عَنْ أَبِى بَكْرَةَ قَالَ كُنَّا عِنْدَ رَسُوْلِ اللهِ صَلَّى اللهُ
عَلَيْهِ وَسَلَّمَ فَانْكَسَفَتِ الشَّمْسُ ، فَقَامَ النَّبِىُّ صَلَّى اللهُ عَلَيْهِ
وَسَلَّمَ يَجُرُّ رِدَاءَهُ حَتَّى دَخَلَ الْمَسْجِدَ، فَدَخَلْنَا فَصَلَّى
بِنَا رَكْعَتَيْنِ، حَتَّى انْجَلَتِ الشَّمْسُ فَقَالَ صَلَّى اللهُ عَلَيْهِ وَسَلَّمَ
إِنَّ الشَّمْسَ وَالْقَمَرَ لاَ يَنْكَسِفَانِ لِمَوْتِ أَحَدٍ، فَإِذَا
رَأَيْتُمُوْهُمَا فَصَلُّوْا، وَادْعُوْا، حَتَّى يُكْشَفَ مَا بِكُمْ
Dari Abu Bakrah, ia berkata, Kami pernah duduk-duduk bersama
Rasulullah saw lalu terjadi gerhana
matahari. Maka Nabi saw berdiri menjulurkan selendangnya hingga masuk ke dalam
masjid, kamipun ikut masuk ke dalam Masjid, beliau lalu mengimami kami shalat
dua rakaat hingga matahari kembali nampak bersinar. Setelah itu beliau
bersabda: Sesungguhnya matahari dan bulan tidak akan mengalami gerhana
disebabkan karena matinya seseorang. Jika kalian melihat gerhana keduanya, maka
dirikanlah shalat dan banyaklah berdoa hingga selesai gerhana yang terjadi pada
kalian. (H. R. Bukhari no. 1040 dan Muslim no. 2153).
Syaikh
Sulaiman bin Muhammad bin Umar Al-Bujairami dalam kitabnya menegaskan:
وَشُرِعَتْ
صَلَاةُ كُسُوْفِ الشَّمْسِ فِي السَّنَةِ الثَّانِيَةِ مِنَ الْهِجْرَةِ ،
وَصَلَاةُ خُسُوْفِ الْقَمَرِ فِي جُمَادَى الْآخِرَةِ مِنَ السَّنَةِ
الْخَامِسَةِ عَلَى الرَّاجِحِ
Shalat
gerhana matahari disyariatkan pada tahun kedua Hijriyah, sedangkan shalat
gerhana bulan menurut pendapat yang kuat (rajih) pada bulan Jumadil Akhir tahun kelima Hijriyah.
(Kitab Hasyiyah
Bujairami 'alal Minhaj, Juz IV, halaman 276)
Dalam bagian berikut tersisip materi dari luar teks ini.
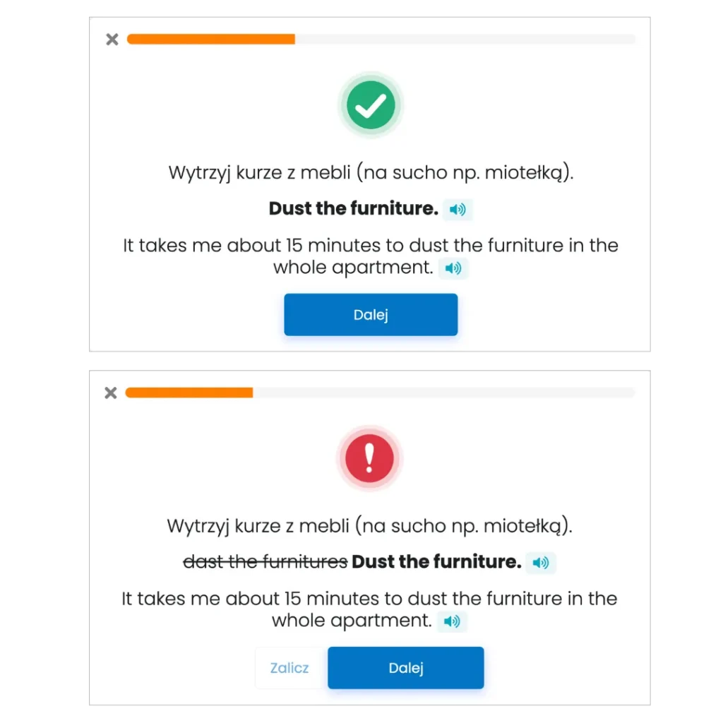 Metoda tłumaczeniowa uczy Cię nie tylko nowych zwrotów, ale też jak je poprawnie łączyć w całe zdania – więc od razu ćwiczysz gramatykę i mówienie.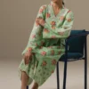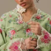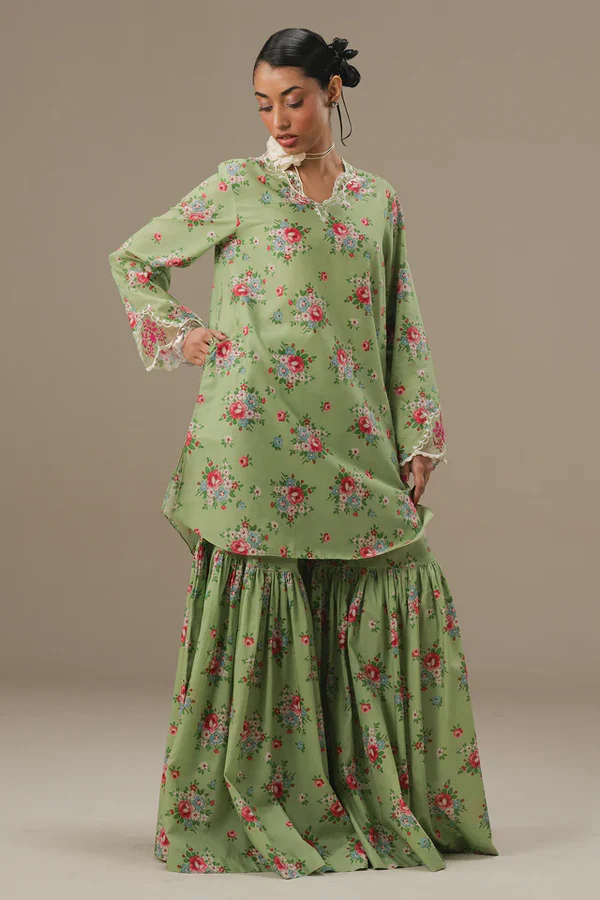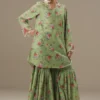 An olive green cambric gharara set featuring a short printed shirt, detailed with delicate embroidery on the neckline and sleeves. Easy to wear and effortlessly stylish, this set brings a fresh, modern twist to traditional silhouettes.

Imam Nawawi dalam kitabnya menegaskan :
وَصَلَاةُ كُسُوْفِ الشَّمْسِ وَالْقَمَرِ سُنَّةٌ مُؤَكَّدَةٌ بِالْاِجْمَاعِ لَكِنْ قَالَ مَالِكٌ وَأَبُوْ حَنِيَفَةَ يُصَلِّى لِخُسُوْفِ الْقَمَرِ فُرَادَى وَيُصَلِّي رَكْعَتَيْنِ كَسَائِرِ النَّوَافِلِ
Menurut
kesepakatan para ulama (ijma`) hukum shalat gerhana matahari dan gerhana bulan
adalah sunnah mu’akkadah. Akan tetapi menurut Imam Malik dan Abu Hanifah shalat
gerhana bulan dilakukan sendiri-sendiri dua rakaat seperti shalat sunah
lainnya. (Kitab Majmu'
Syarah Al-Muhadzdzab,Juz V, halaman 44)
Tata cara shalat gerhana bulan dan matahari
Takbiratul ikram diseratai niat shalat gerhana bulan atau matahari,
baca Fatihah, baca surat dari Al-Qur'an, ruku', berdiri, baca fatihah kembali,
baca surat dari Al-Qur'an, ruku', berdiri (i'tidal), sujud, duduk diantara dua
sujud, sujud kembali, berdiri (melaksanakan rakaat kedua), baca Fatihah, baca
surat dari Al-Qur'an, ruku', berdiri, baca Fatihah, baca surat dari Al-Qur'an,
ruku', berdiri (i'tidal), sujud, duduk diantara dua sujud, sujud kembali,
duduk, baca tahiyat, terahir salam. Sesudah shalat disunnahkan berkhotbah.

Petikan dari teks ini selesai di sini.